18  Singular Value Decomposition

The Singular Value Decomposition (SVD) is a general matrix factorization that decomposes any \(m \times n\) matrix into a product of orthogonal transformations and a diagonal scaling matrix.

18.1 The SVD Theorem

NoteTheorem: Singular Value Decomposition (SVD)

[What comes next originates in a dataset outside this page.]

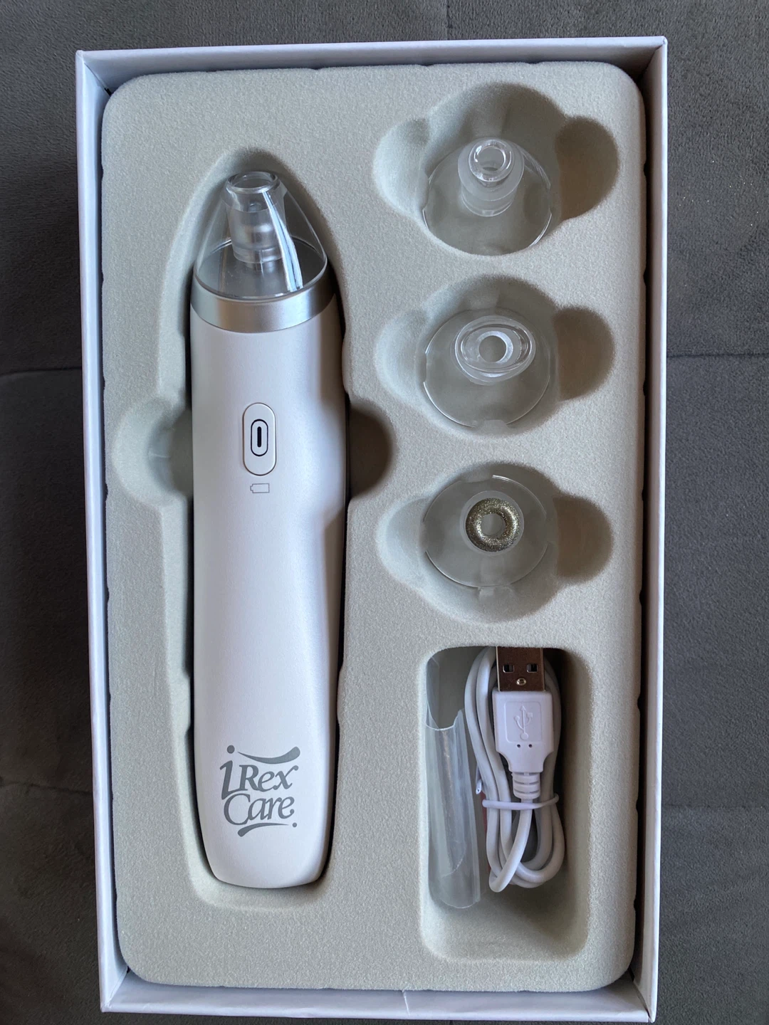 Selling a brand new iRex Care Blackhead Vacuum Removal Device, model QY202! It comes in its original box and includes all the original components: the device itself, various suction heads, a user manual, and a USB charging cable. It's a great way to keep your skin looking its best!

For \(\bA \in \fR^{m \times n}\), there exist orthogonal matrices \(\bU \in \fR^{m \times m}, \bV \in \fR^{n \times n}\) and diagonal \(\bsigma \in \fR^{m \times n}\) such that: \[ \begin{align} \bA = \bU \bsigma \bV^T. \end{align} \]

  • Singular Values (\(\sigma_i\)): Non-negative, ordered \(\sigma_1 \geq \sigma_2 \geq ... \geq 0\).

  • Modes: \(\bA = \sum_{i=1}^r \sigma_i \bu_i \bv_i^T\) (Outer product expansion).

Tip

Geometric Interpretation: \(\bA\) rotates the input space (\(\bV^T\)), scales along the axes (\(\bsigma\)), and rotates the result to the output space (\(\bU\)).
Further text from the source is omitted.